In today’s technology driven world, recommender systems are socially and economically critical for ensuring that individuals can make appropriate choices surrounding the content they engage with on a daily basis. One application where this is especially true surrounds movie content recommendations; where intelligent algorithms can help viewers find great titles from tens of thousands of options. 
<br>

Providing an accurate and robust solution to this challenge has immense economic potential, with users of the system being exposed to content they would like to view or purchase - generating revenue and platform affinity.

## Problem Statement

The aim of this project is to **construct a recommendation algorithm based on `content or collaborative filtering`, capable of accurately predicting how a user will rate a movie they have not yet viewed based on their historical preferences.**
<br>

The evaluation metric will be the `Root Mean Square Error(RMSE)`. The lower(close to 0) the error, the better.
<br>

To view more infomation about the compepition [Click here](https://www.kaggle.com/c/edsa-recommender-system-predict/overview)

## Table of Contents

* [Data Overview](#the_over)
* [Connect to Comet](#the_connect)
* [Import librabies](#the_library)
* [Load datasets](#the_data)
* [Inspect Datasets](#the_inspect)
* [Data Cleaning](#the_clean)
* [Explonatory Data Analysis](#the_eda)
* [Feature Engineering](#the_engineer)
* [Implementation of Recommender Systems](#the_recommender)
* [Assessing Accuracy](#the_assess)
* [Conclusion](#the_conclusion)


<a id='the_over'></a>
## Data Overview

This dataset consists of several million 5-star ratings obtained from users of the online [MovieLens](http://movielens.org/ ) movie recommendation service.
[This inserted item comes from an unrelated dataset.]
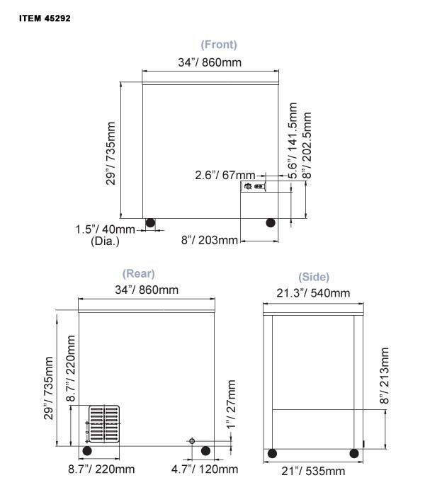 DIMENSIONS (DWH) – 23.6″ x 45.7″ x 30.5″ / 600 x 1160 x 775 mm

The data for the MovieLens dataset is maintained by the [GroupLens](https://grouplens.org/)  research group in the Department of Computer Science and Engineering at the University of Minnesota. Additional movie content data was legally scraped from [IMDB](https://www.imdb.com/).
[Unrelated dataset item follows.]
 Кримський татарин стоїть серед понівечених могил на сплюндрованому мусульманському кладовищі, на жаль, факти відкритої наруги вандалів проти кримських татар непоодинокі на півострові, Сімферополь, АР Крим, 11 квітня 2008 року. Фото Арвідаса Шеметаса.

Below is a table of supplied files that will be used in this notebook:



| **File Name** | **Description** |
|:---------:|:----------------|
|   **genome_scores.csv**   |A score mapping the strength between movies and tag-related properties. Read more [here](http://files.grouplens.org/papers/tag_genome.pdf) |
|   **genome_tags.csv**   |User assigned tags for genome-related scores. |
|   **imdb_data.csv**   |Additional movie metadata scraped from IMDB using the links.csv file. |
|  **links.csv**   |File providing a mapping between a MovieLens ID and associated IMDB and TMDB IDs. |  
|  **sample_submission.csv**   |Sample of the submission format for the hackathon. | 
|  **tags.csv**   |User assigned for the movies within the dataset. | 
|  **test.csv**   |The test split of the dataset. Contains user and movie IDs with no rating data. | 
|  **train.csv**   |The training split of the dataset. Contains user and movie IDs with associated rating data. | 


**Ratings Data File Structure (train.csv)**

All ratings are contained in the file train.csv. Each line of this file after the header row represents one rating of one movie by one user, and has the following features:

| userId | movieId | rating | timestamp |
|:---------:|:----------------|:---------:|:----------------|


The lines within this file are ordered first by userId, then, within user, by movieId. Ratings are made on a 5-star scale, with half-star increments (0.5 stars - 5.0 stars). Timestamps represent seconds since midnight Coordinated Universal Time (UTC) of January 1, 1970.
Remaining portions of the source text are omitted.